According to public records, Cellebrite's US subsidiary has taken over $2 million worth of purchase orders from the FBI since 2012. Interestingly, a purchase order with the agency for $15,278.02 for "software renewals for seven machines" was signed on March 21, 2016: the same day that the Apple hearing was delayed. However, the “principal place of performance” for that order is listed as Chicago, not San Bernardino.
The company’s product was also suggested by another US agency in a recent instance very similar to the San Bernardino case.

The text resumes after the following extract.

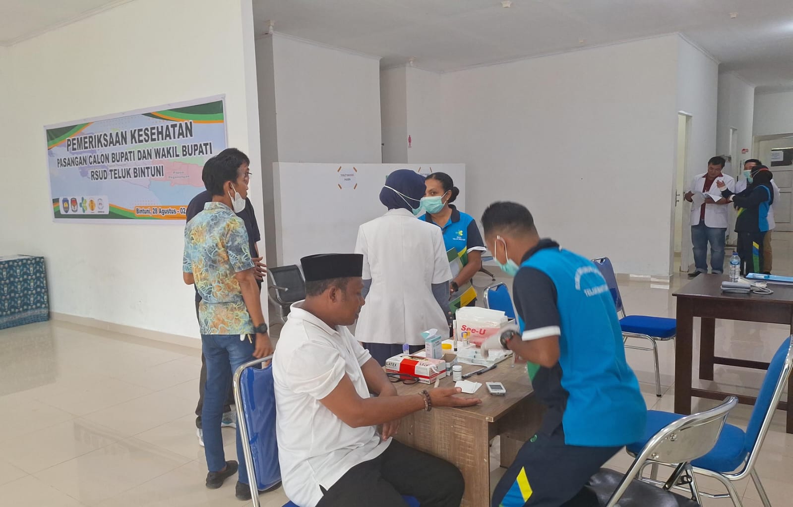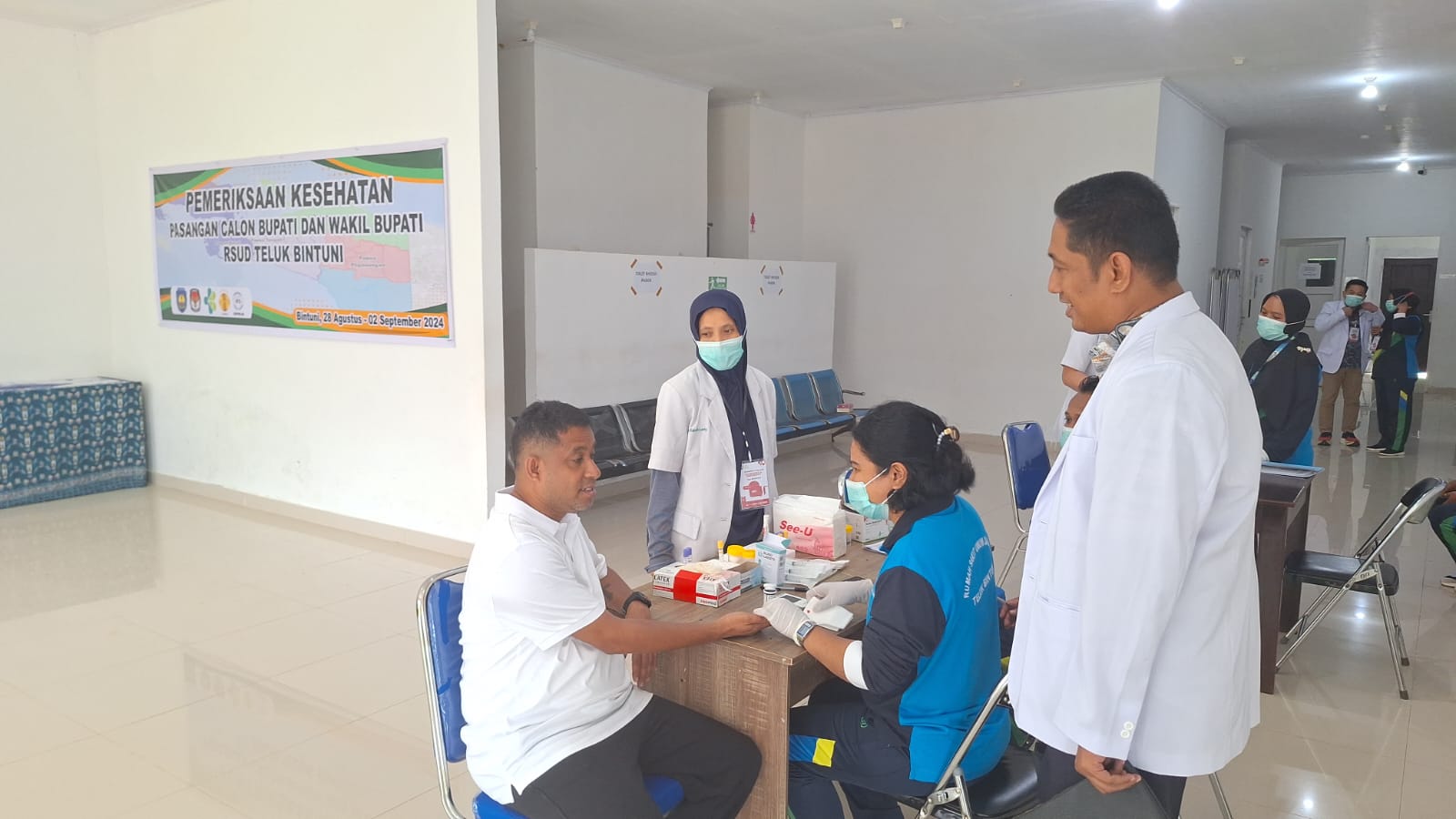 Komisi Pemilihan Umum (KPU) Teluk Bintuni menyebutkan, bahwa para pasangan calon kandidat kepala daerah akan menjalani pemeriksaan kesehatan secara berkala dan bertahap sampai dengan tanggal 31 Agustus 2024 di Rumah Sakit Umum Daerah (RSUD), Kabupaten Teluk Bintuni, Papua Barat.

On February 16, a warrant for the DEA was approved to search an iPhone 6, according to independent journalist Marcy Wheeler. In the related documentation, a DEA agent writes that a search would be attempted with a “CelleBrite” device. What operating system that iPhone 6 was running on is unclear, and it’s also unclear if the method would actually work—but it does support the idea that Cellebrite may be the outside party that thinks it can crack the San Bernardino’s iPhone 5C.
Also according to public records, other customers of Cellebrite’s include the Office of Inspector General, the Department of Homeland Security, and the Secret Service.
The company has had some success with circumventing encryption for law enforcement before, too. In January, Motherboard reported that Dutch investigators were able to read encrypted messages sent on so-called PGP Blackberries; custom, security focused BlackBerry devices that come with an encrypted email feature. That process is carried out with a piece of software made by Cellebrite.
But the company hasn’t just worked with law enforcement or government agencies.
“Apple has a weird relationship with this company, because there are Cellebrite devices in every Apple store,” Soghoian added. This is because devices are used to take data from customers Androids phones, and easily transfer contacts and other info over to newly purchased iOS ones.
Whether the company’s tools are indeed being used to crack the San Bernardino iPhone is still unconfirmed. But either way, as the proliferation of strong, robust encryption for mobile phones continues, the forensics industry is going to be one to keep an eye on.
Joshua Kopstein and Emanuel Maiberg contributed reporting.